Вообще, это выглядит нонсенсом, когда картина, раскрывающая предысторию одного из главных злодеев вселенной DC, получает «крылатого льва», которым отмечают действительно выдающиеся и прежде всего в художественном смысле фильмы, такие, как, допустим, «Форма воды» Гильермо Дель Торо, «Пьета» Ким Ки Дука или «Фауст» Александра Сокурова. А тут — комиксовая история, приквел «Темного рыцаря», пусть даже и поставленного таким мастером, как Кристофер Нолан — это, по сути, ничего не меняет, так как в реестре произведений искусства, санкцию на признание которыми, в частности, и дают такие вот кинофестивали, данная его работа не значится. Впрочем, объективности ради, отметим, что «Джокер» — это не первая попытка перенести мейнстримовские темы (а это разделение было еще со времен Аристотеля!) в артхаус. До него уже были повороты к вампирской тематике — «Жажда» Пак Чхан Ука и «Выживут только любовники» Джима Джармуша — и к зомби — еще одна работа Джармуша «Мертвые не умирают» и «Малышка зомби» Бертрана Бонелло. Но снова же: это серьезные художники, уже живые классики, которые могут себе позволить немного поэкспериментировать, они это заслужили. А тут — средней руки комедиограф обходит всех и получает лавровый венок. Причем не минуя и массового интереса/прибыли: кассовые сборы перевалили за миллиард долларов при бюджете в 55 миллионов! Такого ранее не удавалось никому. Более того: даже не представлялось возможным. А нынче — факт реальности, говорящий о том, что… мир переворачивается с ног на голову? Этот вопрос сам собой рождается в голове и от него не отмахнуться, как от назойливой мухи: он никуда не исчезнет, не испариться и не растает. Ибо это — уже наша действительность: «крылатый лев» — это буквально санкция на переход того, что не являлось искусством в свою противоположность. Можно сказать, что Филлипс завершил процесс, начатый более именитыми коллегами, основательно размыв черту между высоким и низким, между искусством и мейнстримом.

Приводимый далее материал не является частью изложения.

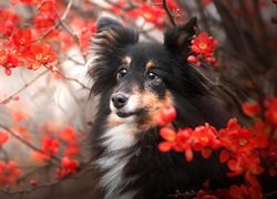 Puzzle: Pies, Owczarek szetlandzki, Czerwone, Kwiaty

На этом, впрочем, странности не кончаются. Напомним, что Джокер — это отъявленный злодей, если деликатно выражаться. А если чуточку отстраниться от политкорректности, то — ублюдок каких поискать: не будем забывать, что он — в совершенно гениальном исполнении Хита Леджера — творил в «Темном рыцаре». Если бы все это произошло в реальности, то Джокер стал бы символом — прибегнем к христианской этике — чистого зла. Ни один террорист, ни одни маньяк, ни один убийца, пожалуй, не смог бы сравниться с ним. Да и диктаторы — тоже. Одно дело подписывать приказы о ликвидации и совсем другое — производить задуманное собственноручно, радостно и весело укладывая штабелями тех, кто каким-то образом (чаще — косвенно, но, как правило, неслучайно) входит в его планы. О таком выродке если и снимать (продолжим нашу фантазию, будто это все было взаправду), то исключительно в духе «Золотой перчатки» Фатиха Акина, дабы внушить зрителю — и здесь дидактика была бы вполне оправдана — устойчивое отвращение (вплоть до рвотных позывов, а лучше — с ее приступами!) к данному персонажу. Это единственная возможность перенесения истории на экран, если в планах нет идеи, чтобы патология приобрела свойства эпидемии: для неокрепших умов (а некоторые остаются в таком состоянии до смерти), коих немало, героизация Джокера могла бы послужить своеобразным катализатором к определенным телодвижениям, подражательного характера. Проще говоря, думается, нашлось бы немало тех, кто воспринял бы ленту о сем персонаже как руководство к действию. И что делает Филлипс со своей командой? А то и делает, от чего мы и предостерегали: снимает приквел к «Темному рыцарю» по канонам положительного героя! В его интерпретации трансформация Артура Флека в Джокера — это вполне себе классическая история становления борца против правящего класса.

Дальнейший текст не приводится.